The two presidents ended their summit with a 50-minute walk in the grounds of this lush estate, talking one to one, with only interpreters present.

President Obama's National Security Advisor Tom Donilon repeatedly used a single word to describe the meeting - "unique".

Its importance, he said, was that it came so early in President Xi's term of office, that it was so informal and that it added up to a lengthy eight hours of talks covering just about every subject of interest in great depth and breadth.

In the first session the two men set out their visions for their country and their strategic aims.

Over dinner there was a lengthy discussion of security and in particular North Korea.

The final session was on economics and cyber security.

This is the most awkward subject for the two men. President Obama told President Xi that the cyber attacks from "Chinese entities" amounted to theft of business and military secrets.

If they continued it would inhibit the economic relationship between China and the US reaching its full potential. American sources say President Xi said he would investigate.

'Shared threat analysis'

The White House says the talks on North Korea ended with a full agreement on the goal of a denuclearised peninsular.

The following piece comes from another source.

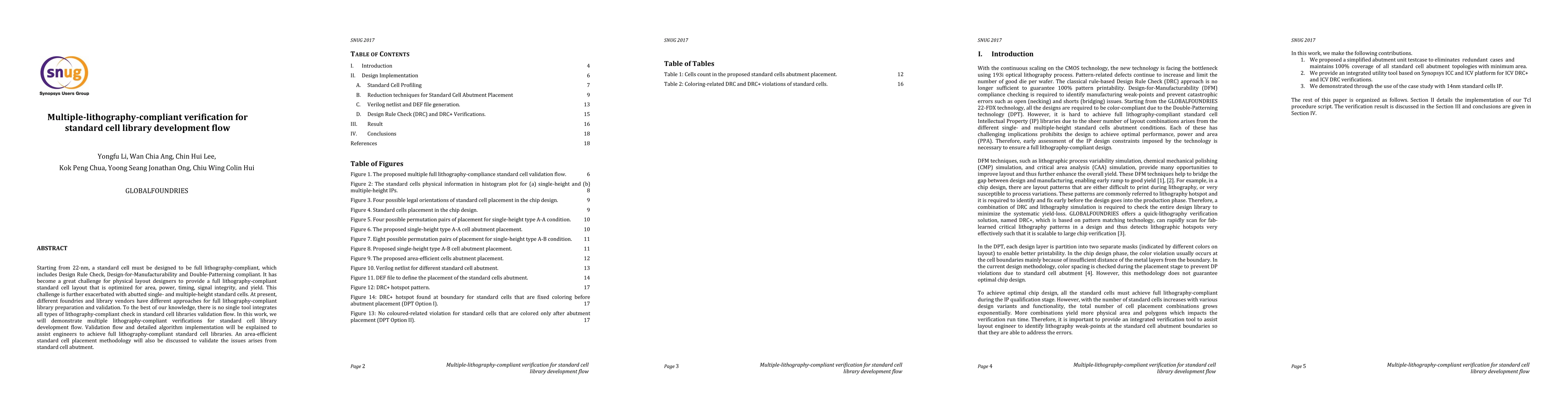 Starting from 22-nm, a standard cell must be designed to be full lithography-compliant, which includes Design Rule Check, Design-for-Manufacturability and Double-Patterning compliant. It has become a great challenge for physical layout designers to provide a full lithography-compliant standard cell layout that is optimized for area, power, timing, signal integrity, and yield. This challenge is further exacerbated with abutted single- and multiple-height standard cells. At present, different foundries and library vendors have different approaches for full lithography-compliant library preparation and validation. To the best of our knowledge, there is no single tool integrates all types of lithography-compliant check in standard cell libraries validation flow. In this work, we will demonstrate multiple lithography-compliant verification for standard cell library development flow. Validation flow and detailed algorithm implementation will be explained to assist engineers to achieve full lithography-compliant standard cell libraries. An area-efficient standard cell placement methodology will also be discussed to validate the issues arises from standard cell abutment.

Tom Donilon said that the important point was that both powers had a "shared threat analysis" and recognised that a nuclear North Korea would up-end security in the region, with a profound effect.

President Obama also warned that the growing problems over disputed islands in the pacific should be "de-escalated" and resolved through diplomatic means, not actions.

Perhaps none of this sounds very much, and perhaps it won't amount to much.

But it was interesting that Tom Donilon - who is coming to the end of his term as national security adviser and who has been deeply involved in the whole pivot to Asia - sounded so upbeat and enthusiastic about the meeting.

He set out the real purpose - to push back against the suggestion that there is an inexorable dynamic between a rising power and an established power, one that leads to clashes and conflict sometime in the future.

It perhaps sounds overly dramatic to suggest the purpose of the Sunnylands summit was to avoid World War III, but it is certainly aimed at making sure both sides know the flashpoints, and talk about them, long before disagreements degenerate into something worse.